Фургон покатил снова, и куда быстрее, чем повозка, запряженная волами. Теперь вокруг расстилалась местность, ничуть не похожая на однообразные пейзажи ландов. Светлые пески сменились темной почвой, щедрее питавшей растительность. Там и сям попадались каменные дома, окруженные садами и живыми изгородями, на которых листва уже облетела, но все еще розовели запоздалые цветы шиповника и голубели созревшие ягоды терна. На обочинах дороги тянулись ввысь пышно разросшиеся деревья. Опавшие листья желтым ковром покрывали траву, а ветерок гнал их по дороге перед лошадьми. Изабелла и Сигоньяк, устав сидеть на скамейках фургона, время от времени выходили и сопровождали экипаж пешком. Матамор последовал их примеру и успел уйти своими саженными шагами далеко вперед. На гребне холма на фоне заката темнел его силуэт, словно вырезанный из черной бумаги и насаженный на его же рапиру.

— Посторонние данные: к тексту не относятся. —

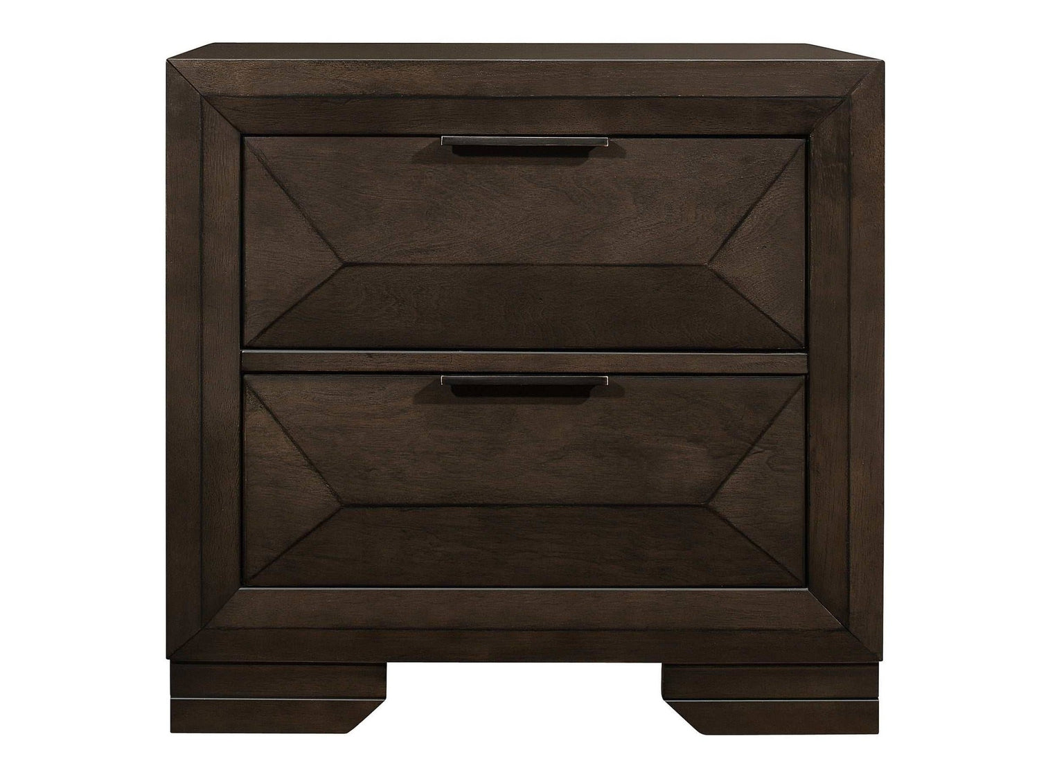Contemporary design and convenient functionality intersect in the design of the Chesky Collection. Birch veneer is finished in a warm espresso on this unique nightstand. Raised panels provide visual interest to the drawer fronts of the nightstand. Complementing horizontal metal hardware lends an additional accent to the piece.
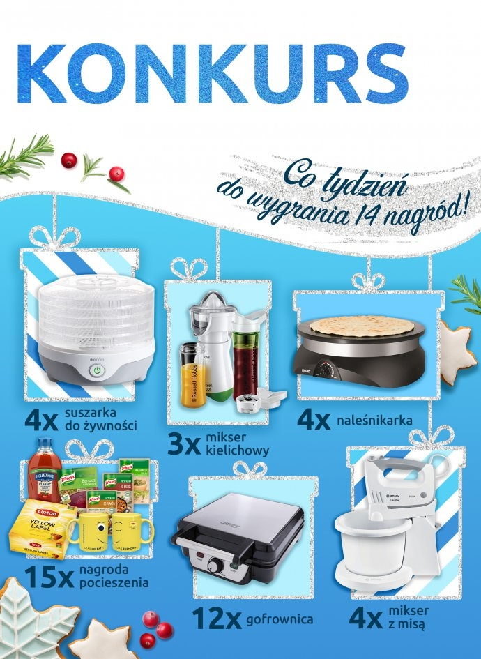 - od 8.12 do 14.12.2020 r. do wygrania 4 naleśnikarki marki Unold - III miejsce: co tydzień do wygrania 4 gofrownice marki Camry
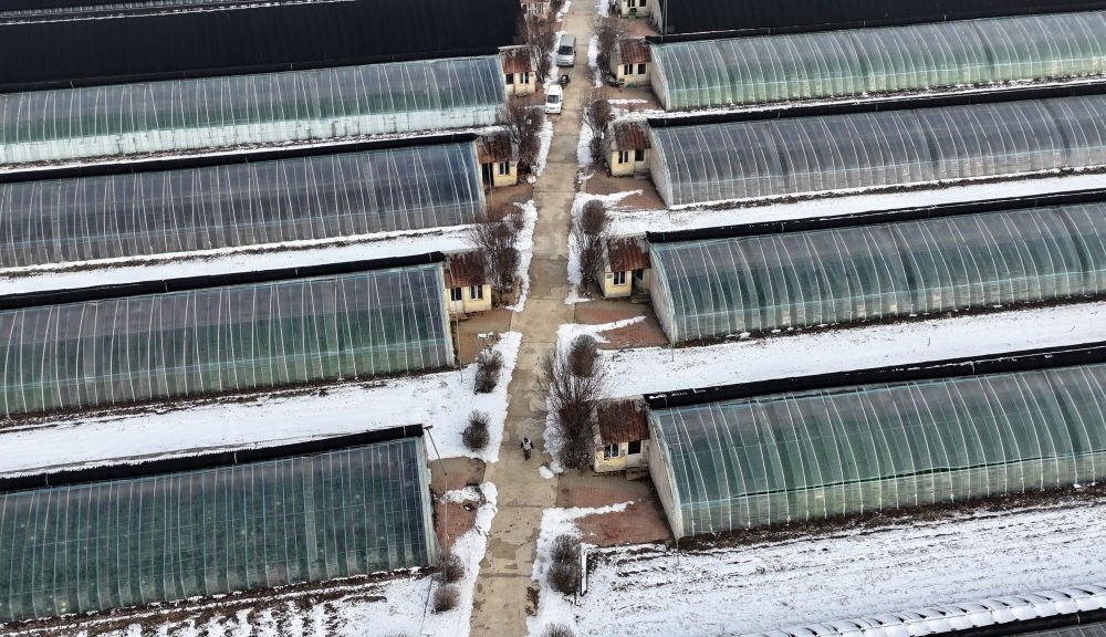 在天津市西青區(qū)辛口鎮(zhèn)水高莊村拍攝的修繕后的大棚一景(12月12日攝,無人機(jī)照片)。新華社記者 李然 攝
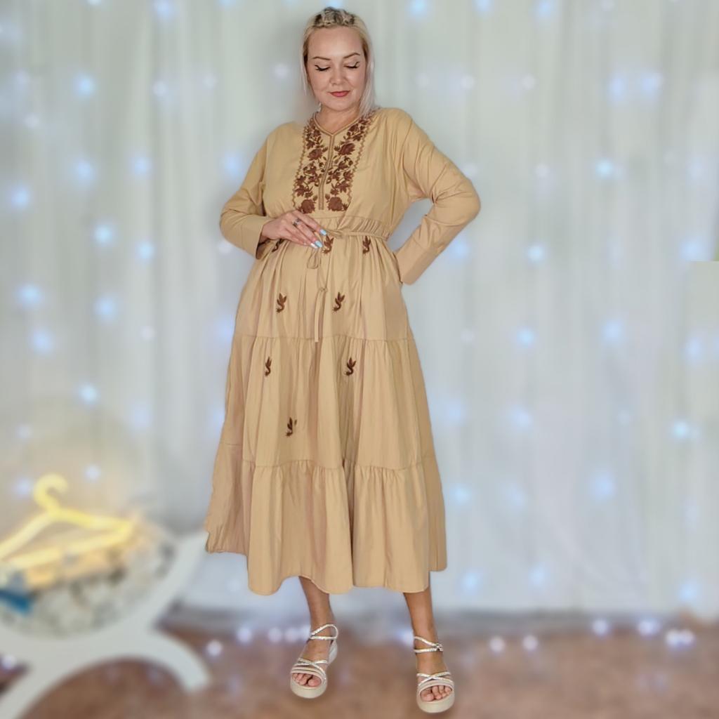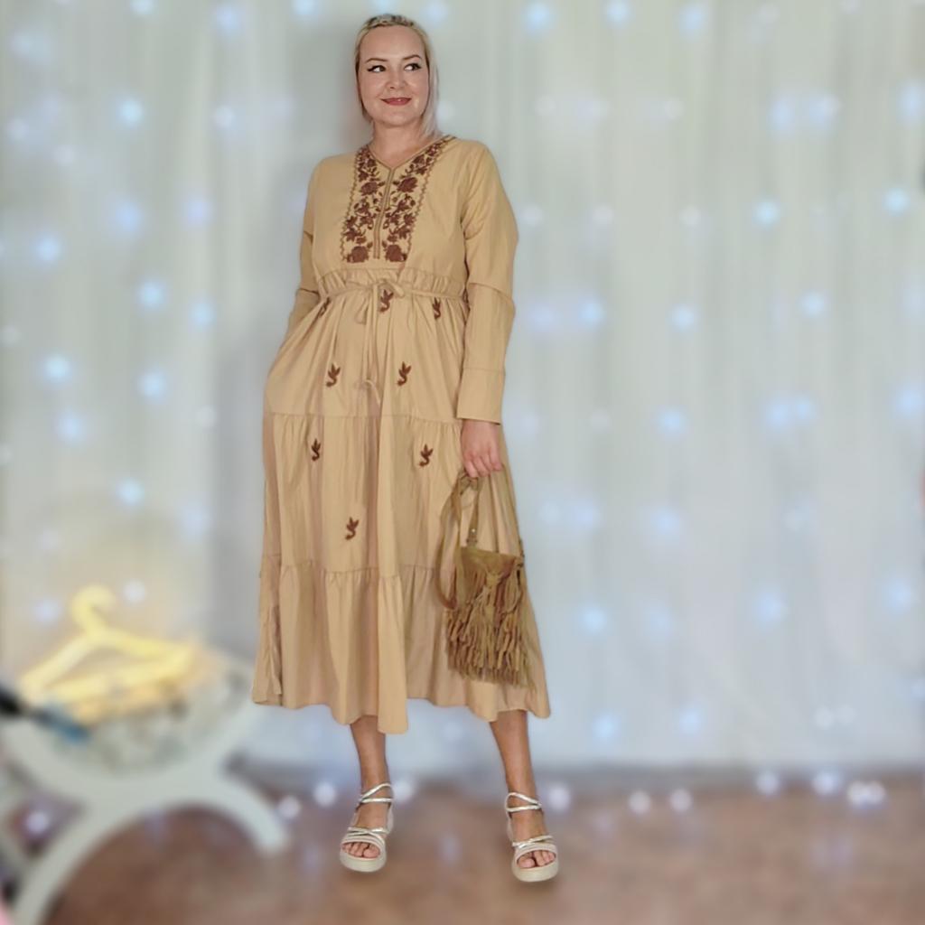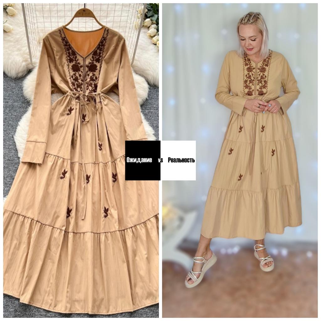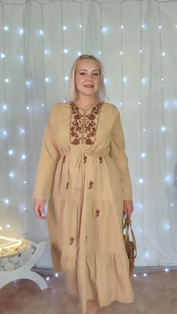 Women Spring Autumn Dress Retro Embroidered V-neck Strap Waist French Elegant Long Sleeve Grand Swing Long Dress
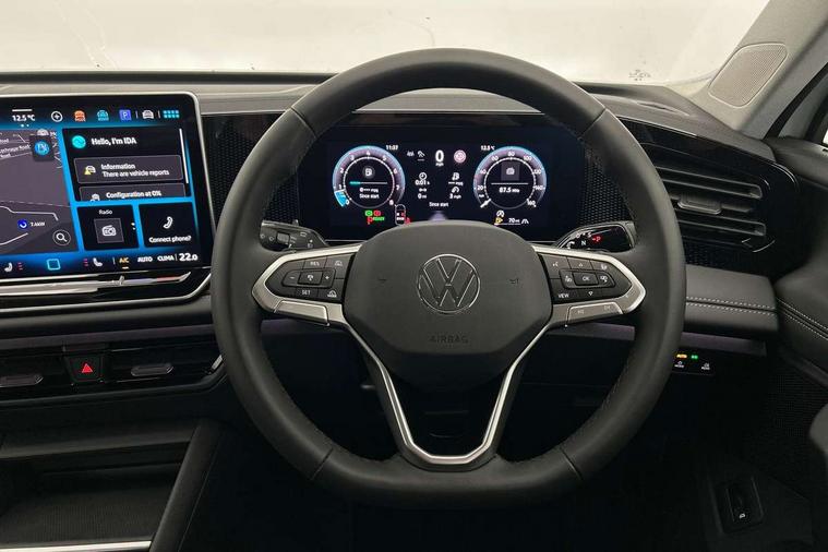 Adaptive cruise control (ACC), Advanced driver attention and drowsiness monitor, Bluetooth mobile phone interface, Car2X technology, Digital Cockpit Pro - 10.25" high resolution dash display screen with customisable menus and information, Dynamic road sign display, E-Sim card for online connectivity, eCall emergency call service, Front Assist - Autonomous emergency braking with pedestrian and cyclist monitoring, Lane change system, Side assist, Rear traffic alert and Exit warning system, Lane keeping system Lane Assist, Oncoming vehicle braking when turning including swerve support, Park assistance plus with front and rear parking sensors, Power assisted steering with speed sensitive, Start/stop system with regenerative braking, Warning signal and warning light for front and rear seatbelts not fastened, Wireless App-Connect, Front wheel drive, Digital radio reception (DAB), Diversity antenna for FM reception, Auto dimming interior rear view mirror, Automatic headlight control system, Body coloured bumpers and air intake with chrome trim, Body coloured door handles, Body-coloured exterior mirror housings, Coming/leaving home lighting function, Heat insulating glass in side and rear windows, Heat insulating windshield, Heated rear window, High level 3rd brake light, Illuminated door handle recesses, Illuminated lightline between headlamps, Puddle lights and reverse activated passengers door mirror, Rain sensor windscreen wipers, Rear fog light on one side, reversing light on both sides, Rear side wing doors, Rear wiper, 12V outlet in center console rear and in luggage compartment, 12V socket in centre console, 3 bench rear seats in 2nd row, Air care climatronic 3 zone air conditioning system with rear air conditioning control panel, Carpet mats, front and rear, Ceramique headlining, Door and side trim panel in foam film and woven fabric, Front centre armrest, ISOFIX anchors for child seats on outer rear seats and front passenger seat compatible with i-Size, Mechanical rear seat release, Power adjustable lumbar support in front, Rear bench seat, split folding, longitudinally movable and folding with load-through hatch and centre armrest, Safety optimised front head restraints, Single front passenger seat, Sun visors with illuminated vanity mirrors, Three rear head restraints, Variable luggage compartment floor, Comfort package with park assist plus and Safelock - Tiguan, Design package - Tiguan Life/Match, 3 point seat belt for centre rear seats, 3 Point seat belts in front with pretensioners, 3 point seatbelts in outer rear with ECE label, Driver and front passenger airbag with front passenger airbag deactivation, Electronic parking brake with auto hold, Front and rear curtain airbags, Front and rear side airbags, Front centre airbag, Front disc brakes, Hill start assist, Manual child proof rear door locks, Rear disc brakes, Two tone horn, Warning triangle, Soul instrument panel,

– Как могло случиться, – спросил Сигоньяк, продолжая идти рядом с Изабеллой, – что вы, обладая всеми достоинствами девицы благородного происхождения – скромностью, рассудительностью, а также изысканностью в речах – оказались связаны с этими комедиантами, людьми, несомненно, порядочными, но держащимися совсем иных привычек и правил?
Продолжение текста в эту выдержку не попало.